- **REQUIRED WORK**: Pictures in the entries below are excluded; copy only the lines from the one containing "La gestión 2011" to the one containing "Gambar 2: Kunjungan", both included.

Dataset records
★ ★ ★ ★ ★ ★ ★
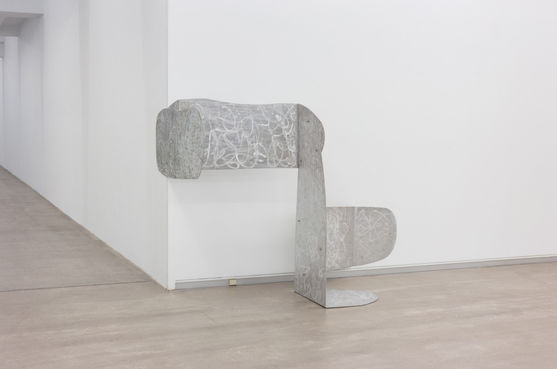
La negación , 2001. Aluminio magnesioa. 158 x 212 x 153 cm.
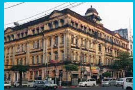
ヤンゴンの歴史的建造物(ミャンマー) Historical Building (Yangon, Myanmar)
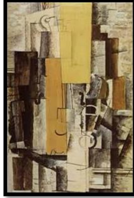
شكل (١) جورج براك، ١٩١٣، الكمان والانبوب، فحم وزيت على قماش، ٦٠*٨١ سم، مجموعة خاصة. ( https://www.georgesbraque.org )
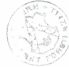
MARKT FÜRSTENZELL 1. Bürgermeister

Der Bebauungsplan wird mit dem Tage der Bekanntmachung gemäß § 10 Abs. 3 BauGB, das ist am 09.02.2006 rechtsverbindlich. Der Bebauungsplan hat vom 09.02.2006 bis 23.02.2006 im Rathaus Fürstenzell öffentlich ausgelegen. Der Satzungsbeschluss des Bebauungsplanes sowie Ort und Zeit seiner Auslegung wurden ortsüblich durch Anschlag an den Gemeindetafeln am 09.02.2006 bekannt gegeben.
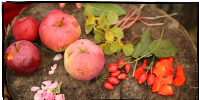
13. Uspořádáme podzimní hostinu
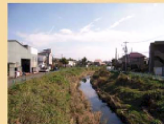
低地を流れる河川
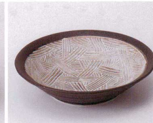
ホ043-20 櫛目紋5.5向付 φ16.8×3.8cm 330円
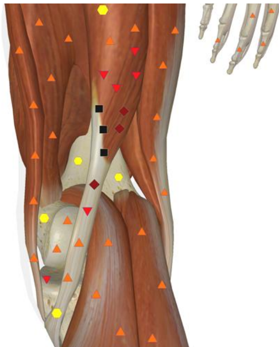
Рис 3. NLS-графия нижней конечности. Патологическая тракция, при поперечном надрыве правой полусухожильной мышцы бедра.

мышцы, ведущих к ограничению спортивной активности. Данный факт указывает на важность NLS-исследования в диагностике мышечной травмы у спортсменов.
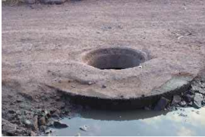
Fotografía N°10 Buzones de desagüe en Piñipampa, Enero 2015

La gestión 2011 - 2014 se ha caracterizado por desarrollar la economía local del distrito, basada en la realización de diferentes ferias comunales. El incremento de las ferias en el distrito de Andahuaylillas se ha generalizado en todas sus comunidades y en el centro poblado. El rol de las ferias comunales es acercar el mercado hacia el productor y a partir de ello generar economía familiar y contactos comerciales, ese es el verdadero rol de las ferias.
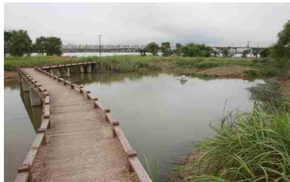
<난지한강공원 생태습지원(11.08.02 11시)>
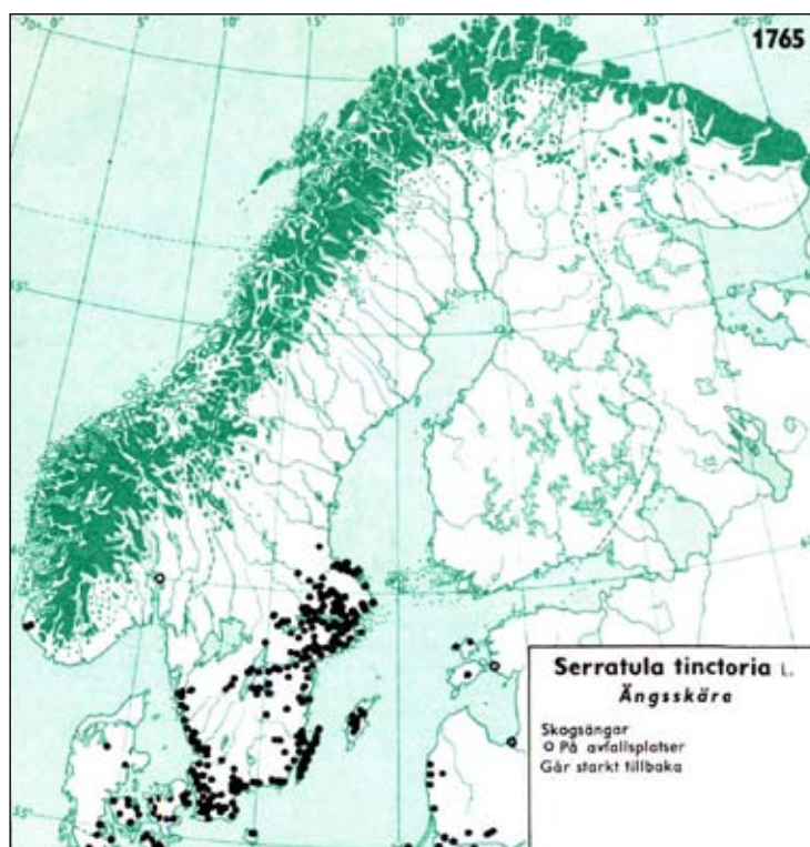
Figur 10 Utbredning av ängsskära i Norden. Hultén. 1971. Naturhistoriska riksmuseet, Virtuella floran.

Vid jämförelser av äldre och nya kartor över ängsskärans utbredning ser man ingen uppenbar minskning av arten i Uppland. Vid fältbesök ser man dock tydligt att ängsskäran ofta lever kvar i små tynande bestånd i ohävdade, igenväxande marker eller i randzonen av hårt betade hagmarksområden. I regel är växten på rask tillbakagång och ängsskäreplattmalen är i de flesta fall redan borta. Hultén skriver redan 1971 att ”växten går starkt tillbaka” (figur 10).
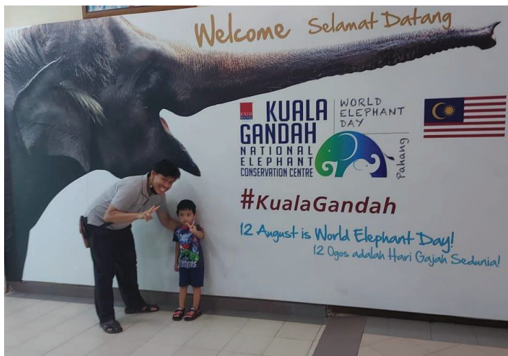
Gambar 2: Kunjungan penulis ke Pusat Konservasi Gajah Kebangsaan Kuala Gandah di Temerloh, Pahang pada Julai 2022. Pusat ini menjadi tumpuan pelancong dalam dan luar negara yang berminat untuk mengetahui lebih lanjut mengenai mamalia darat terbesar ini.

Konflik manusia-haiwan semakin meningkat kerana interaksi yang lebih kerap antara gajah dan manusia. Gajah-gajah yang memasuki kawasan pertanian atau perkampungan boleh merosakkan tanaman dan harta benda, justeru mencetuskan ketidakpuasan hati penduduk tempatan. Gajah sebagai mamalia darat terbesar sudah semestinya dianggap berbahaya terhadap keselamatan penduduk setempat. Ini boleh menyebabkan berlaku tindakan pencegahan atau penyingkiran haiwan, lebih membimbangkan lagi, pembunuhan secara tidak berkesan dan seringkali tidak berperikemanusiaan.
★ ★ ★ ★ ★ ★ ★
- **TASK RESPONSE**:
La gestión 2011 - 2014 se ha caracterizado por desarrollar la economía local del distrito, basada en la realización de diferentes ferias comunales. El incremento de las ferias en el distrito de Andahuaylillas se ha generalizado en todas sus comunidades y en el centro poblado. El rol de las ferias comunales es acercar el mercado hacia el productor y a partir de ello generar economía familiar y contactos comerciales, ese es el verdadero rol de las ferias.
<난지한강공원 생태습지원(11.08.02 11시)>
Figur 10 Utbredning av ängsskära i Norden. Hultén. 1971. Naturhistoriska riksmuseet, Virtuella floran.

Vid jämförelser av äldre och nya kartor över ängsskärans utbredning ser man ingen uppenbar minskning av arten i Uppland. Vid fältbesök ser man dock tydligt att ängsskäran ofta lever kvar i små tynande bestånd i ohävdade, igenväxande marker eller i randzonen av hårt betade hagmarksområden. I regel är växten på rask tillbakagång och ängsskäreplattmalen är i de flesta fall redan borta. Hultén skriver redan 1971 att ”växten går starkt tillbaka” (figur 10).
Gambar 2: Kunjungan penulis ke Pusat Konservasi Gajah Kebangsaan Kuala Gandah di Temerloh, Pahang pada Julai 2022. Pusat ini menjadi tumpuan pelancong dalam dan luar negara yang berminat untuk mengetahui lebih lanjut mengenai mamalia darat terbesar ini.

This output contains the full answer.